▶ [Work item]:
Give back every line of the material below exactly, but no images.

*** Opening Collected data ***

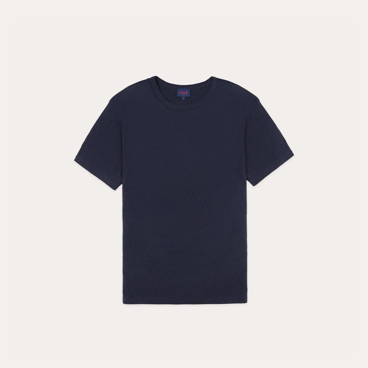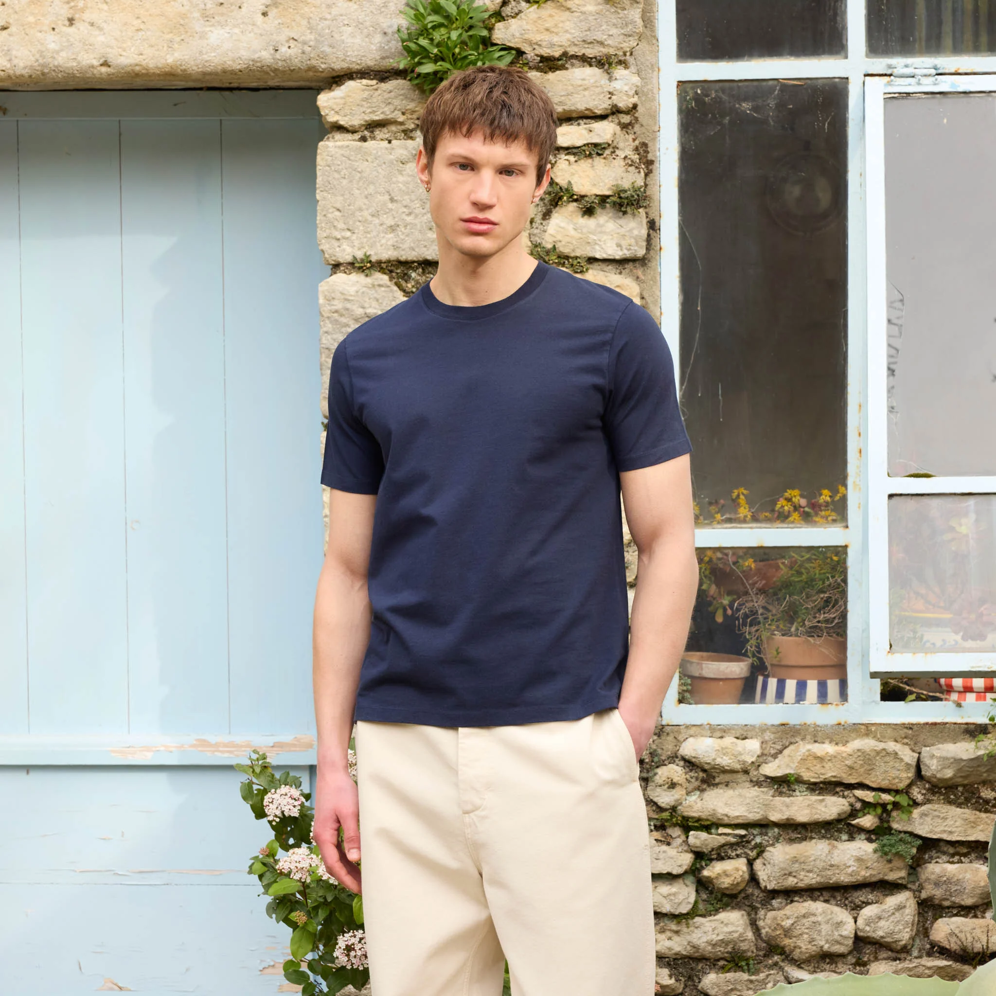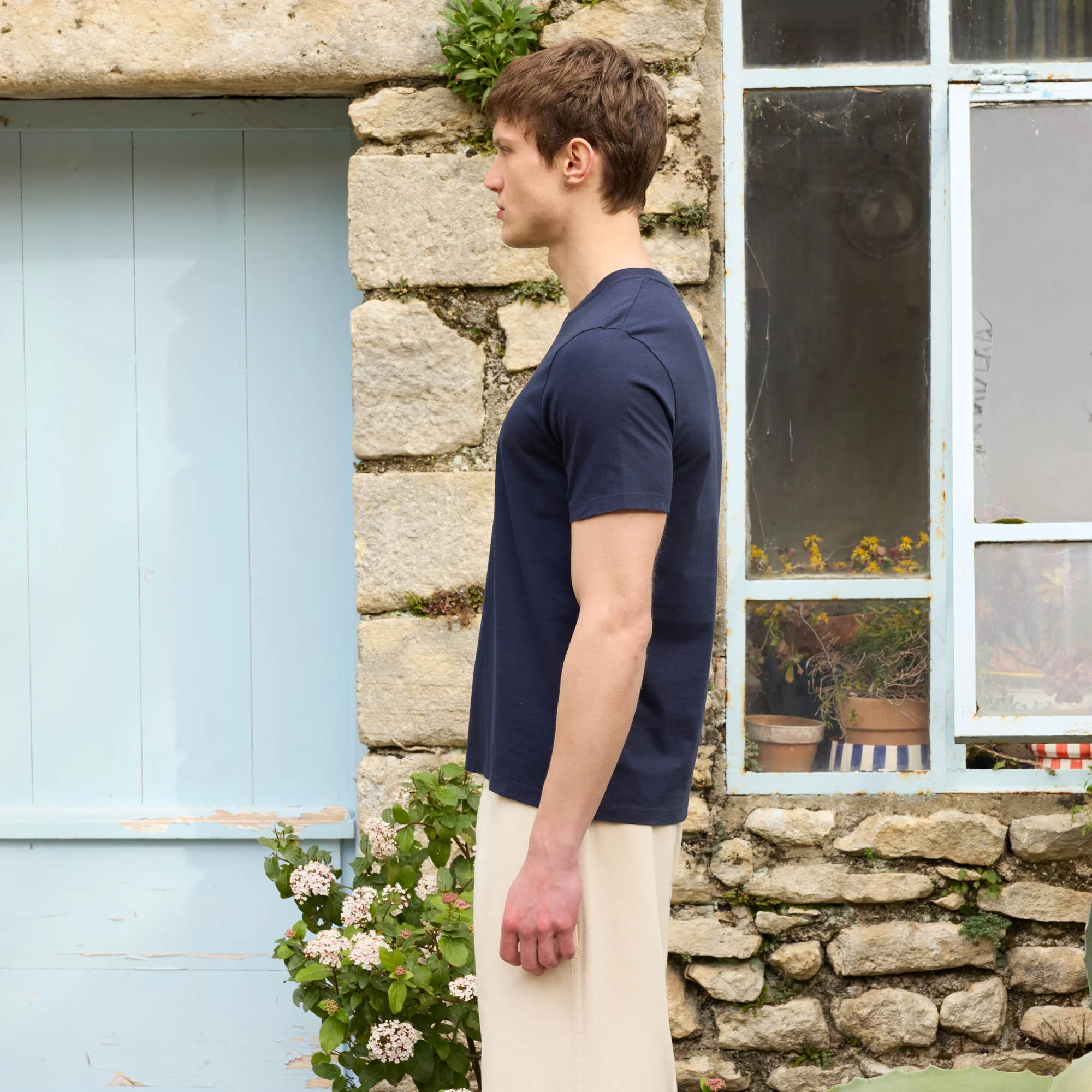 Un t-shirt marine en coton et lin, confectionné au Portugal. Avec un poids de 235g/m2, le tissu est dense, tout en laissant passer l’air. La matière finale est généreuse, souple, confortable et durable.
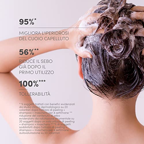 Detersione bilanciata. Purificante, detossinante, riequilibrante. Ideale per capelli stressati da ritmi frenetici e inquinamento ambientale.
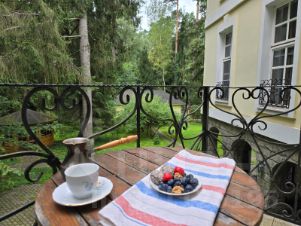 Полностью оборудованная кухня (посуда, утварь, бокалы, мясорубка, соковыжималка, блендер, посудомоечная машина, газовая плита).

*** Closing Collected data ***

▶ [Finished exercise]:
 Un t-shirt marine en coton et lin, confectionné au Portugal. Avec un poids de 235g/m2, le tissu est dense, tout en laissant passer l’air. La matière finale est généreuse, souple, confortable et durable.
 Detersione bilanciata. Purificante, detossinante, riequilibrante. Ideale per capelli stressati da ritmi frenetici e inquinamento ambientale.
 Полностью оборудованная кухня (посуда, утварь, бокалы, мясорубка, соковыжималка, блендер, посудомоечная машина, газовая плита).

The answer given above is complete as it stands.